How to share TensorBoard logs using tensorboard.dev find [here](https://courses.opencv.org/courses/course-v1:OpenCV+OpenCV-106+2019_T1/courseware/b1c43ffe765246658e537109e188addb/d62572ec8bd344db9aeae81235ede618/4?activate_block_id=block-v1%3AOpenCV%2BOpenCV-106%2B2019_T1%2Btype%40vertical%2Bblock%40398b46ddcd5c465fa52cb4d572ba3229).

## <font style="color:orange">"Refactoring" Monk Detector Class (via Inheritance)</font>

The Monk `Detector` class' `Train` method prints training progress to the cell's output window. This project requires the use of [TensorBoard](https://www.tensorflow.org/tensorboard/). Rather than refactor the Monk framework, I derived a new detector class, `MyDetector`, from Monk's `Detector` class and that adds the following features.

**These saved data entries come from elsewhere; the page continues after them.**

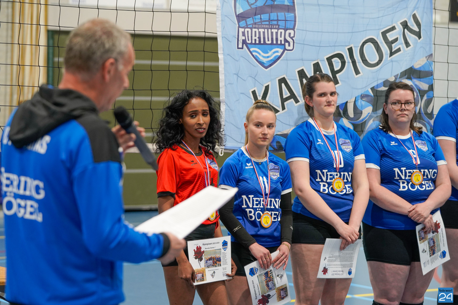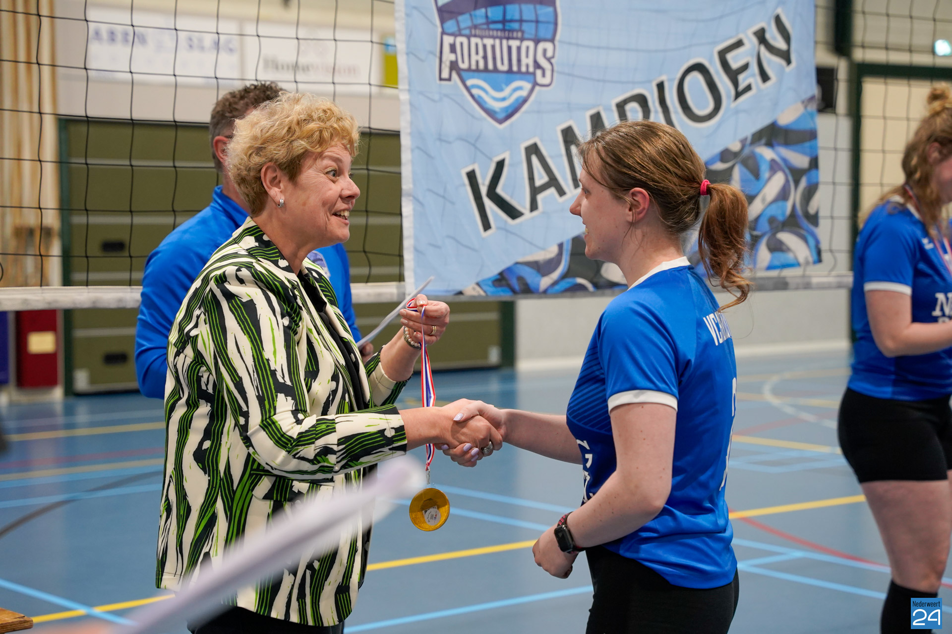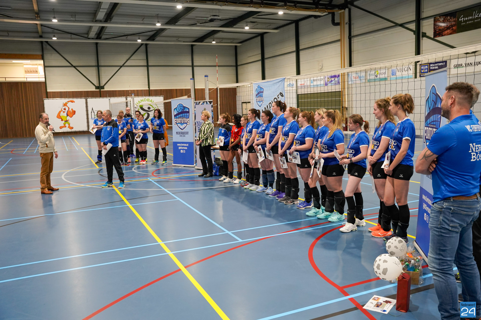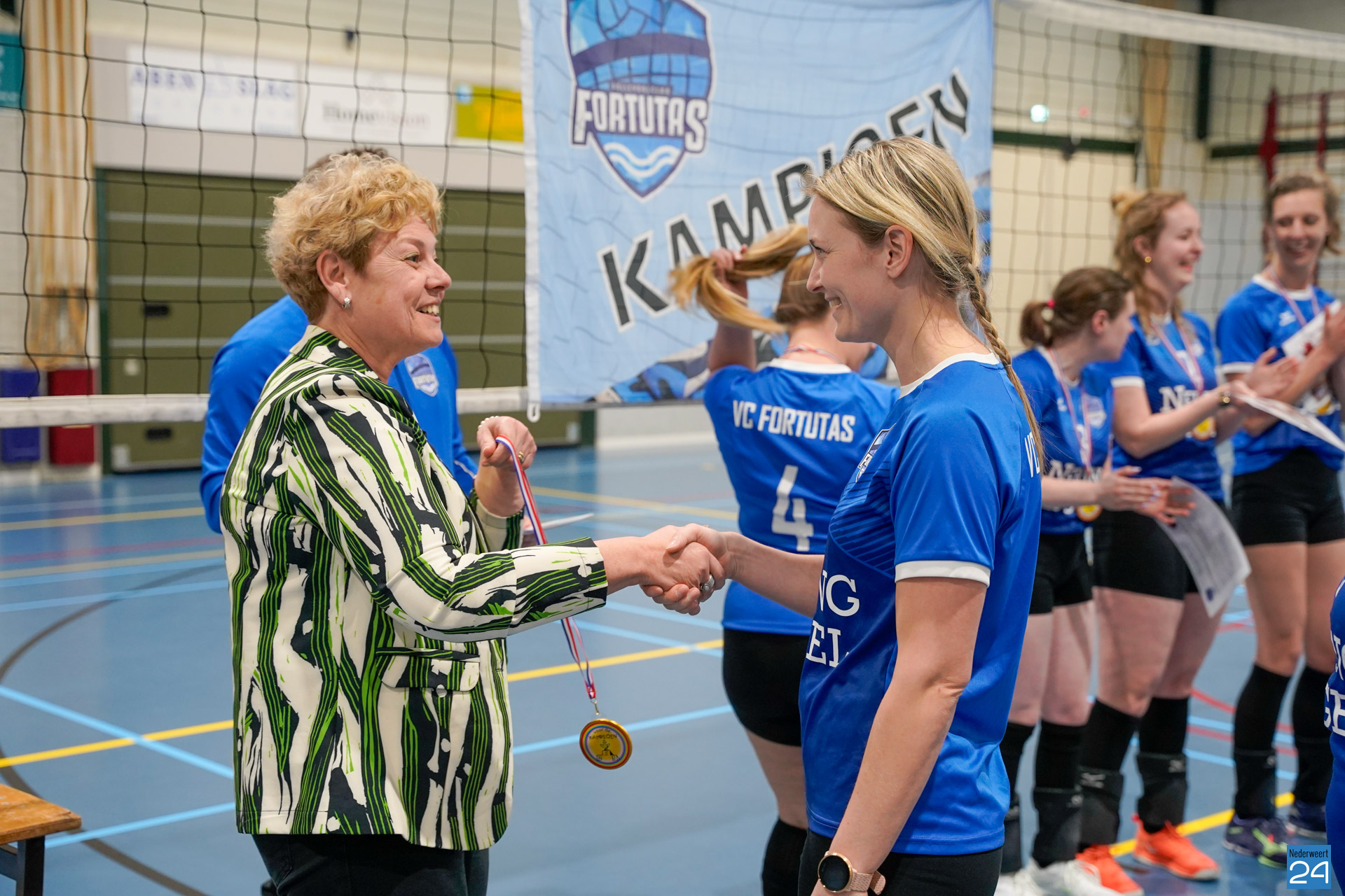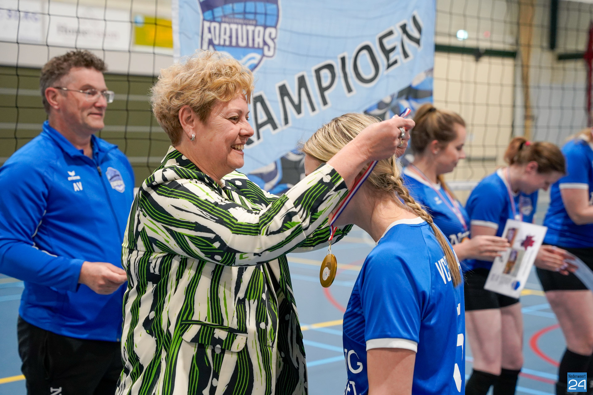 Elk jaar organiseert een Fortutas team het Fortutas Feest. En daar lijkt nu ook een mooie stimulans in te zitten. Immers, begin van dit seizoen organiseerden de Recreanten Damers 1 het Fortutas feest. En zij zijn kampioen geworden. Afgelopen zaterdag organiseerden de Nevobo Dames 1 het Fortutas Feest en ook zij zijn kampioen geworden. Voor beide teams een geweldige teamprestatie! De huldiging start met de Recreanten Dames 1. Elke speelster wordt naar voren geroepen onder luid applaus en ontvangt een medaille en oorkonde.
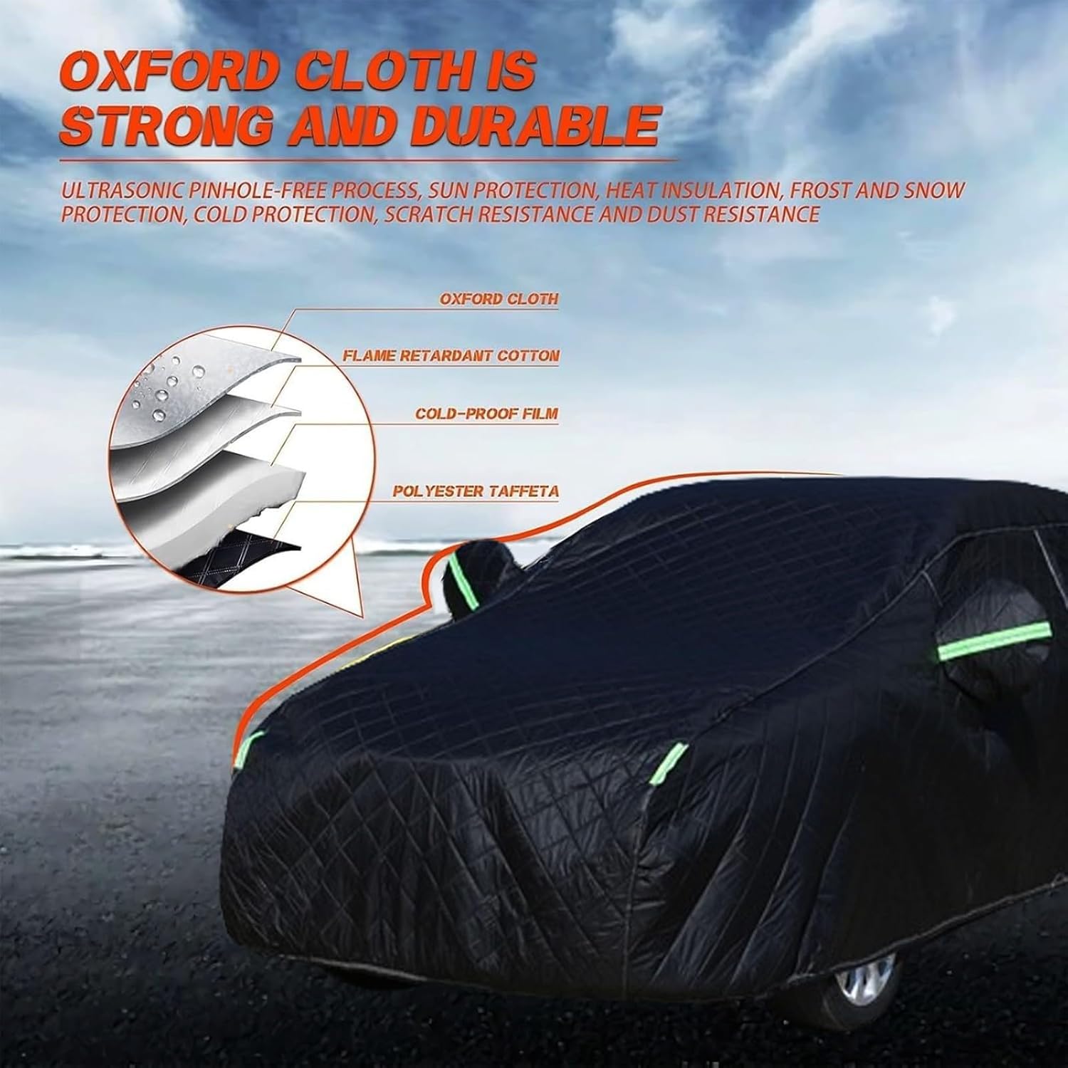 Product parameters:Product name: Hail Protector Car Cover Compatible with Dodge ChallengerBrand: YXUOProduct weight: 5.4KGMaterial:Outer layer - Thicken Oxford cloth (Hail-Proof,Sunscreen, Waterproof, )Middle layer - thickened flame retardant cotton (to maintain the temperature inside the car)Liner - Soft polyester taffeta lining (to protect the car's paint)Color: Silver/BlackFeatures:1. Sun protection; waterproof; anti-hail weather and snow2. Flame retardant cotton, thick and warm3. Nighttime reflective warning to improve vehicle visibility4.360 degree windproof5. Maintain the temperature inside the car in winter and start the car quickly and comfortably6. Reinforced elastic band, good firmness, can not be blown away by windInstall:1. The bottom elastic band is tightened and fixed2. Wheel strap fixation
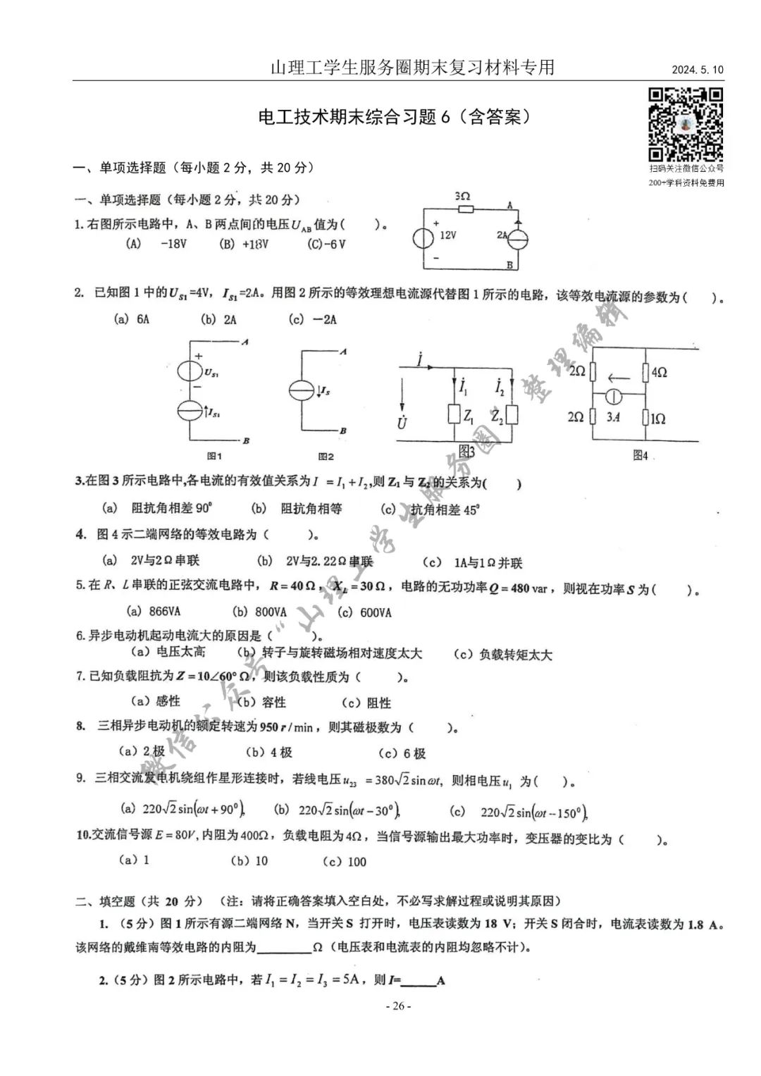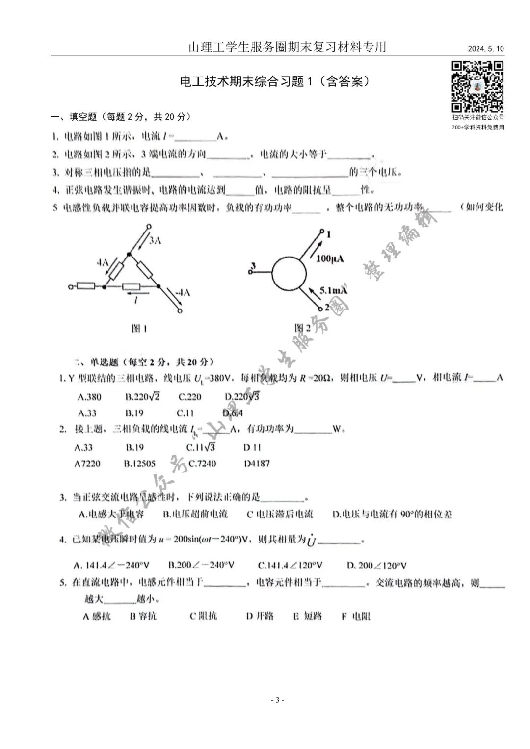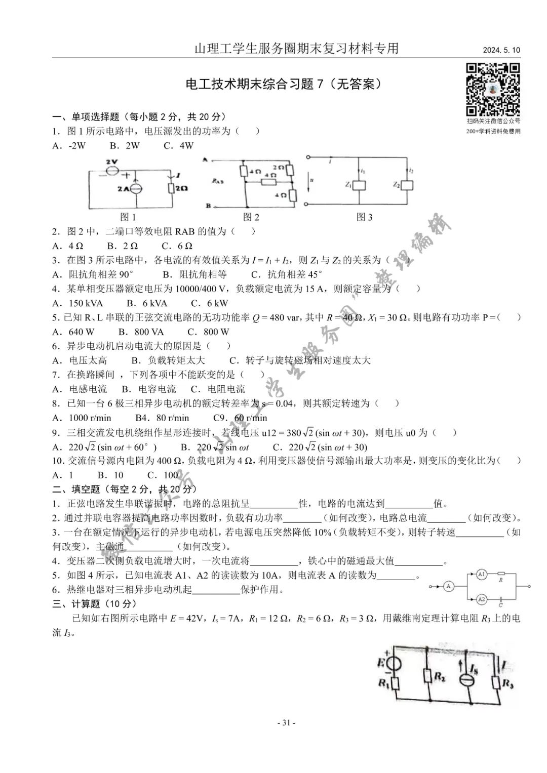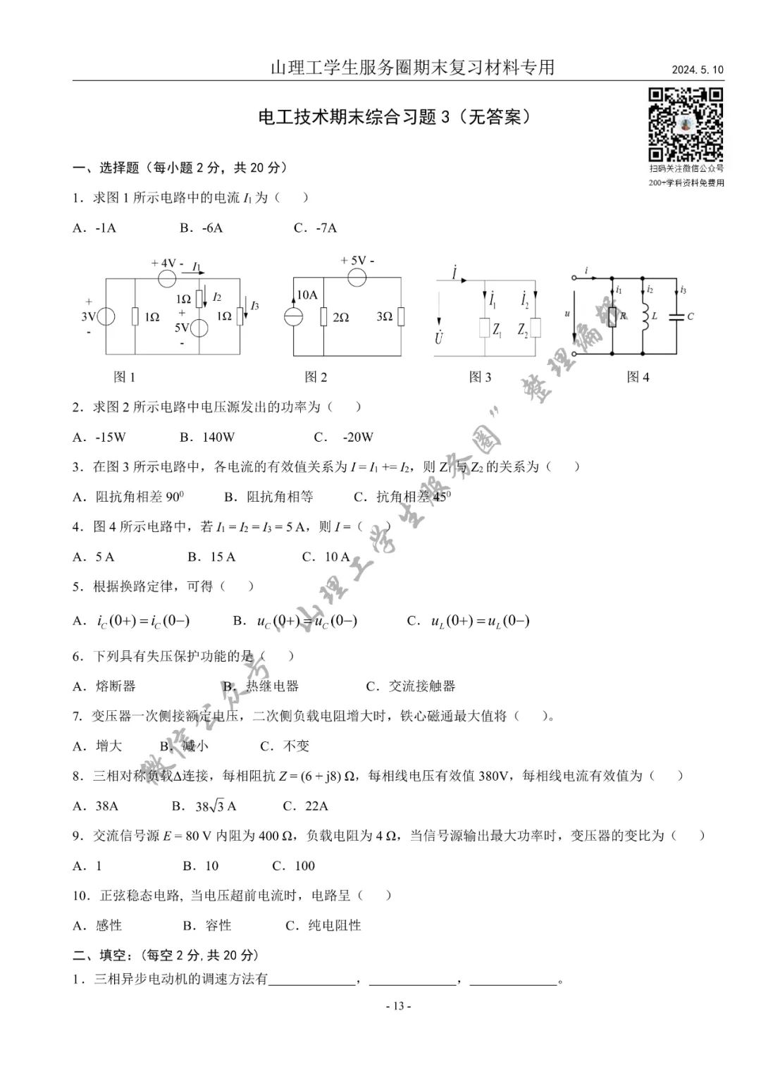 电工技术期末复习习题册(2024年第一版)资料介绍及预览

* Progress is displayed using `tqdm` progress bars.
* Optimizer and LR scheduler may be specified (using `Adam` and `ReduceLROnPlateau`).
* Average loss is computed on the validation data each epoch.
* The model is saved each time the validation loss is minimized.
* Training terminates after N consecutive epochs where the validation loss increases.
* The following parameters and metrics are logged to TensorBoard.
  * learning rate
  * training class loss
  * training regression loss
  * training total loss
  * validation class loss
  * validation regression loss
  * validation total loss
  * validation mAP

Monk's data augmentation for RetinaNet is limited. It randomly flips the training data horizontally. If I am not able to achieve the mAP goal of 0.50 with a simpler RetinaNet model that does not overfit the training data, then I will have to implement and/or integrate additional augmentation transforms.

Prior to the training loop, the validation loss is computed on the pretrained model. The following operations are performed each epoch.

* Training cycle that computes losses on the training data and performs back propogation.
* Validation cycle that computes losses on the validation data.
* Evaluation cycle that computes mAP on the validation data.
* Scheduler update.
* Training termination check.

Since Monk does not support data subsets, the training pipeline was validated by temporary code that prematurely terminating the training and validation cycles. The `ReduceLROnPlateau` scheduler and the training termination code was tested by temporary code that simulated overfitting by monotonically increasing the validation loss.

In [None]:
class Stats(object):
    def __init__(self):
        self._n = 0
        self._total = 0.

    @property
    def n(self):
        return self._n

    @property
    def mean(self):
        if self._n == 0:
            return 0.
        return self._total / self._n

    def add(self, x):
        self._n += 1
        self._total += x


class MyDetector(Detector):
    def __init__(self, verbose=0):
        super().__init__(verbose)
        self.__model_evaluator = None

    @property
    def ModelParameters(self):
        return self.system_dict["local"]["model"].parameters()
        
    @property
    def ModelEvaluator(self):
        if self.__model_evaluator is None:
            self.__model_evaluator = ModelEvaluator(
                self.system_dict["local"]["model"],
                self.system_dict["local"]["dataset_val"]
            )
        return self.__model_evaluator
        
    def Set_Hyperparams(self, lr=0.0001, val_interval=1, print_interval=20):
        """
        Use SetOptimizerAndScheduler to initialize the optimizer and LR scheduler.
        """
        return
        
    def SetOptimizerAndScheduler(self, optimizer, scheduler):
        self.system_dict["local"]["optimizer"] = optimizer
        self.system_dict["local"]["scheduler"] = scheduler
        
    def Load(self, model_path="final_model.pt"):
        self.system_dict["local"]["model"] = torch.load(model_path)
        if torch.cuda.is_available():
            self.system_dict["local"]["model"] = self.system_dict["local"]["model"].cuda();
        
    def Train(self, num_epochs, exper_name, no_best_thd=10):
        saved_model = exper_name + ".pt"
        log_dir = os.path.join(runs_dir, exper_name)
        self.system_dict["output"]["saved_model"] = saved_model;
        self.system_dict["params"]["num_epochs"] = num_epochs;
        
        model = self.system_dict["local"]["model"]
        device = self.system_dict["local"]["device"]
        optimizer = self.system_dict["local"]["optimizer"]
        scheduler = self.system_dict["local"]["scheduler"]
        dataloader_train = self.system_dict["local"]["dataloader_train"]
        dataloader_valid = self.system_dict["local"]["dataloader_val"]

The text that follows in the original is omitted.